» Exercise details: Begin with the line that holds "SENIOR General Min Aung Hlaing and" and retype through the last line of the listing below, exactly; pictures are not part of the copy.

======== Record set

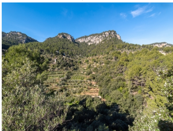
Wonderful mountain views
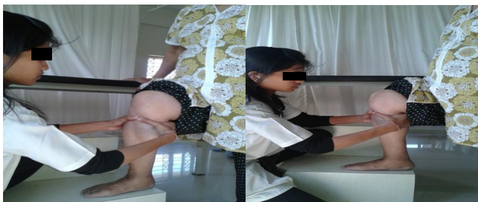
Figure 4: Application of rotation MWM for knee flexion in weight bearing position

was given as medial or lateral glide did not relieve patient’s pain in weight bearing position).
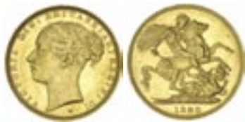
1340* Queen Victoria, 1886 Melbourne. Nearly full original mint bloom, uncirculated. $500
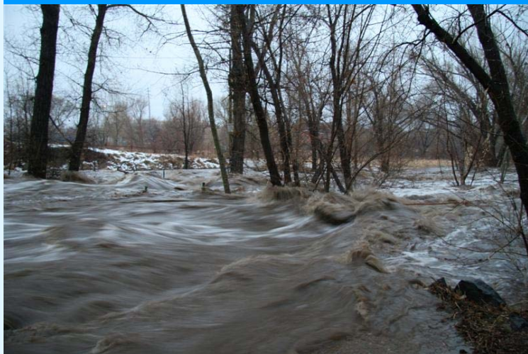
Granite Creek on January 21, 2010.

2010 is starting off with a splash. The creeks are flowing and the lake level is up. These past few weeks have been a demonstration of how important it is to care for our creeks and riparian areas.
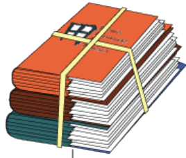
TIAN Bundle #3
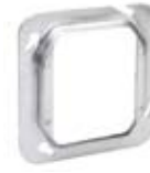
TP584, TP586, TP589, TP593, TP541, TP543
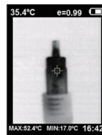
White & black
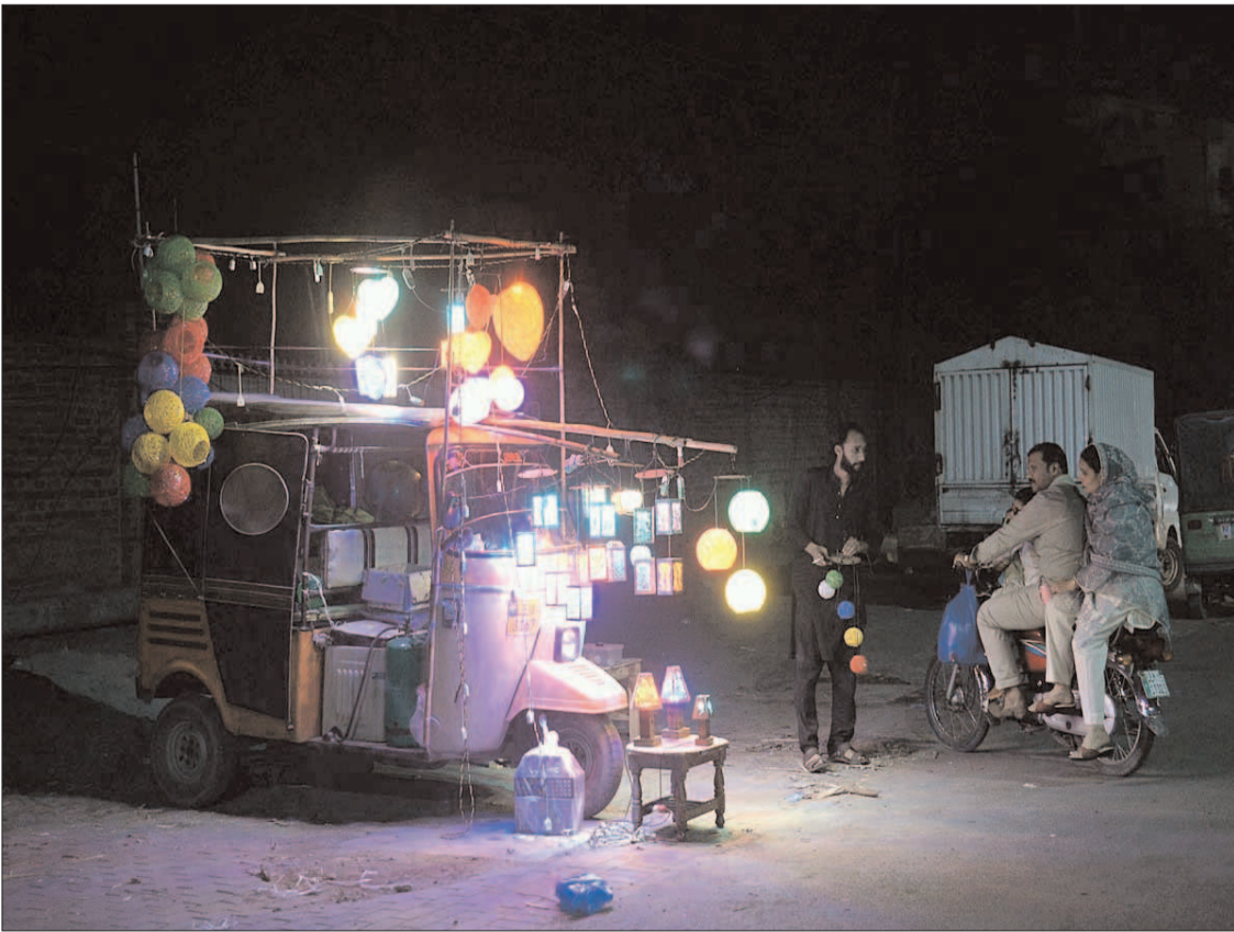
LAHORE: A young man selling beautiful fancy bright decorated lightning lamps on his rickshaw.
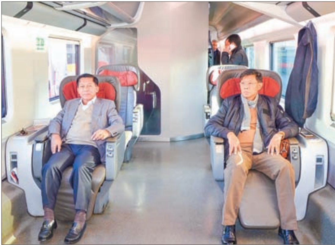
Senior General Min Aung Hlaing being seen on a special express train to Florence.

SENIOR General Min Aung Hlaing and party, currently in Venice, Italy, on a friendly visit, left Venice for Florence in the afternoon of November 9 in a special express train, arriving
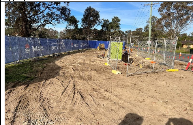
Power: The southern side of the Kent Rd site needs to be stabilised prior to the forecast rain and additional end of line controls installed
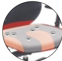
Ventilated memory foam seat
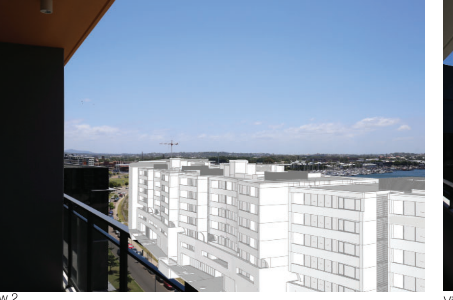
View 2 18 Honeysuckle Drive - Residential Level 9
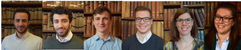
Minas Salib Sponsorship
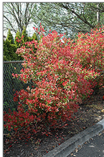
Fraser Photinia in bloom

================

» Solution for this task:
SENIOR General Min Aung Hlaing and party, currently in Venice, Italy, on a friendly visit, left Venice for Florence in the afternoon of November 9 in a special express train, arriving
Power: The southern side of the Kent Rd site needs to be stabilised prior to the forecast rain and additional end of line controls installed
Ventilated memory foam seat
View 2 18 Honeysuckle Drive - Residential Level 9
Minas Salib Sponsorship
Fraser Photinia in bloom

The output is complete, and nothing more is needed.